● **Your assignment**
The answer must be only the lines below from the one holding "Tal es el caso" down to the one holding "Yıkanabilir Eğlence Seti", ends included, printed exactly; please omit all pictures.

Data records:
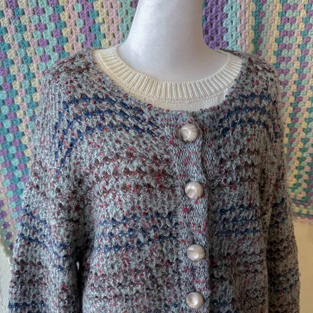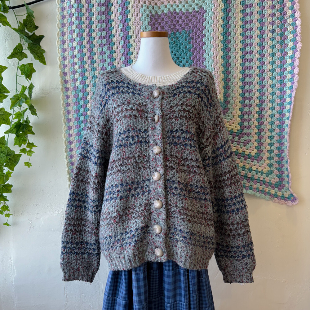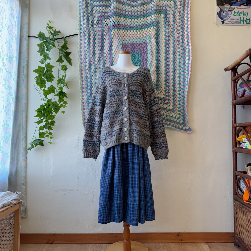 민트그레이 색감 바탕의 믹스 가디건이에요
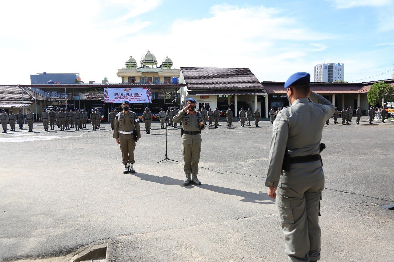 Senin 12 Juli 2021 Satbrimob Polda Lampung Komandan Satuan Brimob Polda Lampung KBP Wahyu Widiarso Suprapto, S.IK., M.Si memimpin langsung upacara pembukaan Latihan Peningkatan Kemampuan Kimia Biologi dan Radioaktif personel Satbrimob Polda Lampung Di lapangan Hitam Mako Sat Brimob.
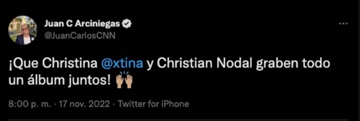 Tal es el caso de Juan Carlos Arciniega quien es experto de cine y trabaja para CNN, pues en sus redes sociales éste pide que no solo sea un dueto, sino que Xtina y Nodal deberían grabar todo un disco juntos, pues lo que vio en el escenario fue un derroche de talento de ambos cantantes.
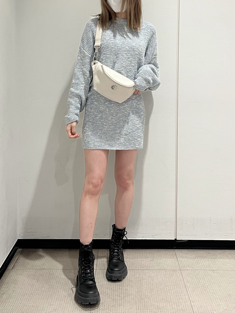 【春カラーセットアップ⤴️🩵】 (トップス) 156㎝おへそが丁度被るサイズです‼︎ ゆったりしている為ヒートテックなど着込んでも頂けます。 ブルーと、ホワイトの糸が混合している為柔らかい春らしいカラーに全色なっております🥺 (スカート) フリーサイズになっております‼︎ 伸縮性があり、ウエストゴムになっている為動きやすく着心地抜群です🥰 156㎝太もも真ん中くらいです。 (シューズ) 23.5cm Sサイズ着用。 スニーカー感覚で履いて頂けるとっても軽いシューズです☺️🩷
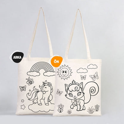 Yıkanabilir Eğlence Seti - 5 Adet Çift Yön Boyanabilir Çanta / 1 Adet Boyanabilir Kalemlik / 1 Adet 12'li Keçeli Kalem
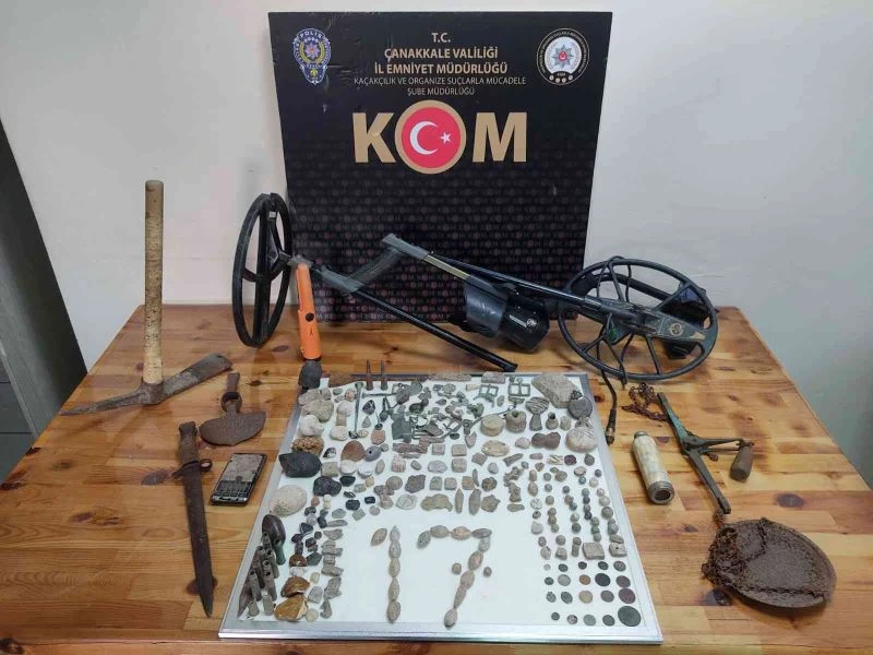 Çanakkale İl Emniyet Müdürlüğü KOM Şube Müdürlüğü ekipleri tarafından tarihi eser kaçakçılığının önlenmesine yönelik yapılan aramada, 1 adet metal (kazma kürek), 1 adet metal süngü, 1 adet el kantarı, 1 adet dürbün, 121 adet kurşun materyal, 63 adet metal obje, 58 adet taş obje, 13 adet mermi ve kovan, 19 adet sikke, 1 adet köstekli saat, 1 adet kazma, 1 adet hassas terazi, 2 adet metal dedektör ve ekipmanları ele geçirildi.
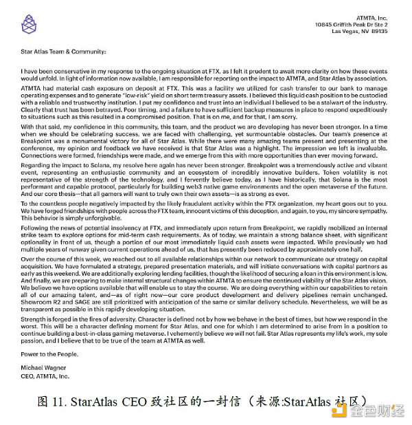 其中,CloneX、Doodles、CoolCats、胖企鹅等NFT几乎没有资金存放在FTX。而影响较大的一个NFT项目是Star Atlas。该项目大约 50% 的国库资金存储在 FTX 上,而且当前游戏开发尚未完成。而我们知道,NFT游戏项目需要大量的资金来开发和运营,这在当前熊市的状况下,毫无疑问是漏船更遭连夜雨。在Star Atlas的CEO Michael 给社区的一封信中我们可以看到该项目在缺乏后续资金的情况下可能将无法继续运营。
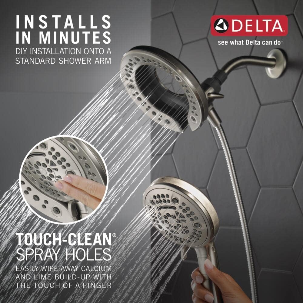 Delta Faucet 7-Setting In2ition Dual Shower Head with Handheld Spray, Brushed Nickel Shower Head with Hose, Showerheads & Handheld Showers, Handheld Shower Heads, Satin Nickel 75687DSN
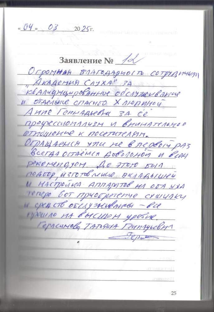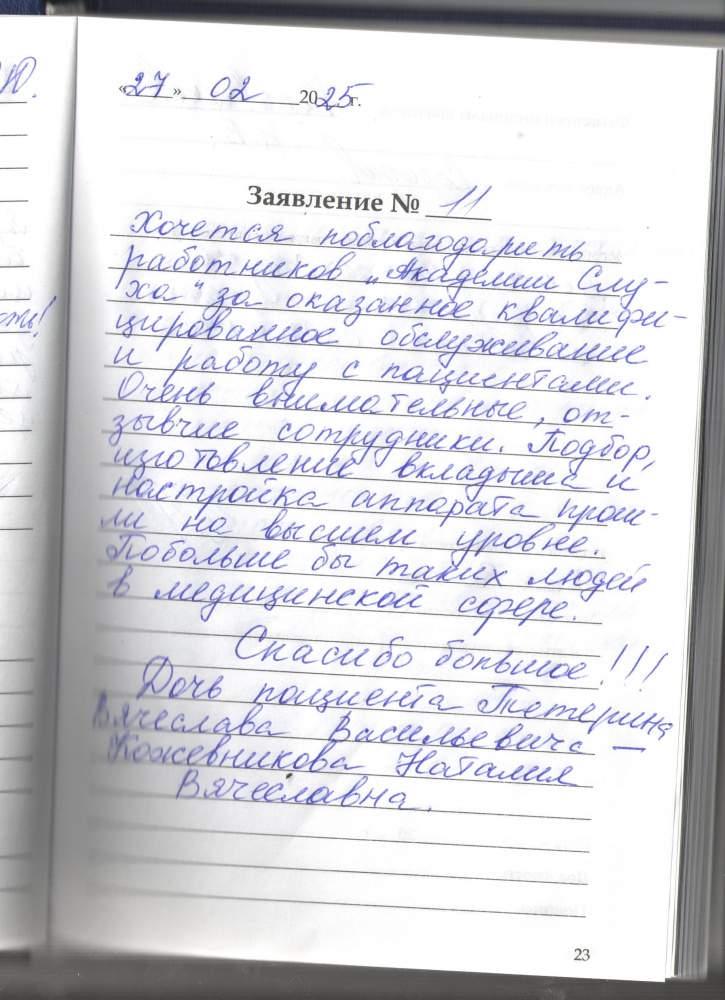 Хочется поблагодарить работников "Академии Слуха" за оказанное квалифицированное обслуживание и работу с пациентами. Очень внимательные, отзывчивые сотрудники. Подбор, изготовление вкладыша и настройка аппарата прошли на высшем уровне. Побольше бы таких людей в медицинской сфере. Спасибо большое!!! Дочь пациента Тетерина Вячеслава Васильевича - Кожевникова Наталия Вячеславовна.

● **Expected output**
 Tal es el caso de Juan Carlos Arciniega quien es experto de cine y trabaja para CNN, pues en sus redes sociales éste pide que no solo sea un dueto, sino que Xtina y Nodal deberían grabar todo un disco juntos, pues lo que vio en el escenario fue un derroche de talento de ambos cantantes.
 【春カラーセットアップ⤴️🩵】 (トップス) 156㎝おへそが丁度被るサイズです‼︎ ゆったりしている為ヒートテックなど着込んでも頂けます。 ブルーと、ホワイトの糸が混合している為柔らかい春らしいカラーに全色なっております🥺 (スカート) フリーサイズになっております‼︎ 伸縮性があり、ウエストゴムになっている為動きやすく着心地抜群です🥰 156㎝太もも真ん中くらいです。 (シューズ) 23.5cm Sサイズ着用。 スニーカー感覚で履いて頂けるとっても軽いシューズです☺️🩷
 Yıkanabilir Eğlence Seti - 5 Adet Çift Yön Boyanabilir Çanta / 1 Adet Boyanabilir Kalemlik / 1 Adet 12'li Keçeli Kalem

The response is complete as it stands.